Ben Bartosik

June 15, 2026

The last month or so has been very dominated with tech-related reading (Zuboff, Wu, Hao, Doctorow) and I wanted to go in a bit of a different direction as I move into the summer so I picked up a book on Elinor Ostrom and Ostrom's more well known work, Governing the Commons. I've been tangentially aware of Ostrom but never actually read her despite my larger interests somewhat aligning.

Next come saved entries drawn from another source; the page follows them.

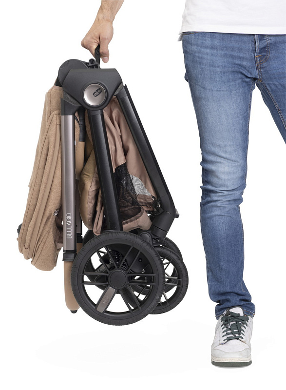 Благодаря технологии OneTouch коляска Bellagio закрывается одним жестом: всего лишь щелчок по спинке сиденья, и коляска удивительным образом закроется сама! В закрытом состоянии он стоит отдельно и оснащен практичной ручкой для переноски.
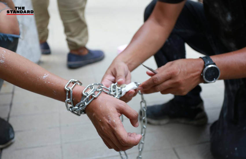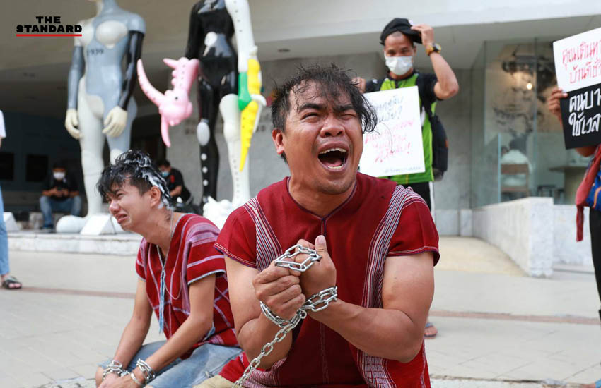 วันนี้ (12 มีนาคม) เมื่อเวลา 16.15 น. ที่สกายวอล์ก MBK กลุ่มภาคี #Saveบางกลอย นำโดย บอย-ธัชพงศ์ แกดำ แสดงกิจกรรมเชิญสัญลักษณ์ถึงการถูกกดขี่ข่มเหง โดยมีการจัดกิจกรรมเชิงสัญลักษณ์ด้วยการล่ามโซ่ชาวบ้าน เสมือนเป็นเชลย หลังจากนั้นได้เดินรอบสกายวอล์ก ก่อนลงมาที่ลานหน้าหอศิลปวัฒนธรรมแห่งกรุงเทพมหานคร ซึ่งแสดงให้เห็นถึงการถูกกดขี่ โดยผู้ถูกกระทำได้ร้องไห้ทั้งน้ำตา พร้อมกล่าวว่า “อยากกลับบ้าน พวกคุณพาเรากลับบ้านได้ไหม”
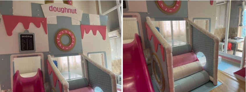 아이들이 들어서자마자 환호성을 지르며 뛰어놀 수 있는 대형 정글짐과 미끄럼틀이 설치되어 있습니다. 마치 키즈카페에 온 듯한 느낌을 주며, 하루가 부족할 정도로 아이들이 신나게 놀았습니다.
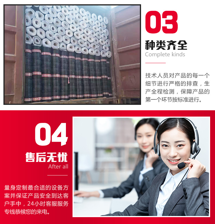 •施工方法多样,可供不同施工条件时选择●产品维护简便,损坏以少量卷材敷贴,焊牢即可

I've spent most of the last week reading through some of Nordman's book just to get a bit of a primer on her work before diving into her. Here's a good jumping off point:

"Ostrom’s work, influenced by her anthropologist and sociologist colleagues, put the resource users front and centre. Too often the assumption was that the resource users don’t know anything and it is up to the government to impose rules. This colonial attitude was not universally true and often harmful... What [Ostrom] learned was the government isn’t the only way to manage a common-pool resource. Neither is private property the only way. In between these extremes are communities—large and small, formal and informal—and the institutions they use to govern their resources. Community is nowhere to be found in Hardin’s tragedy of the commons." (emphasis mine)

I appreciate that this is offering a bit of a third way beyond the public-private dichotomy that is easy to get locked into. Ostrom's work seems to sit if a fuzzier middle ground, one that makes space for both sides when necessary but is more focused on the way communities have successfully managed their common resources on their own.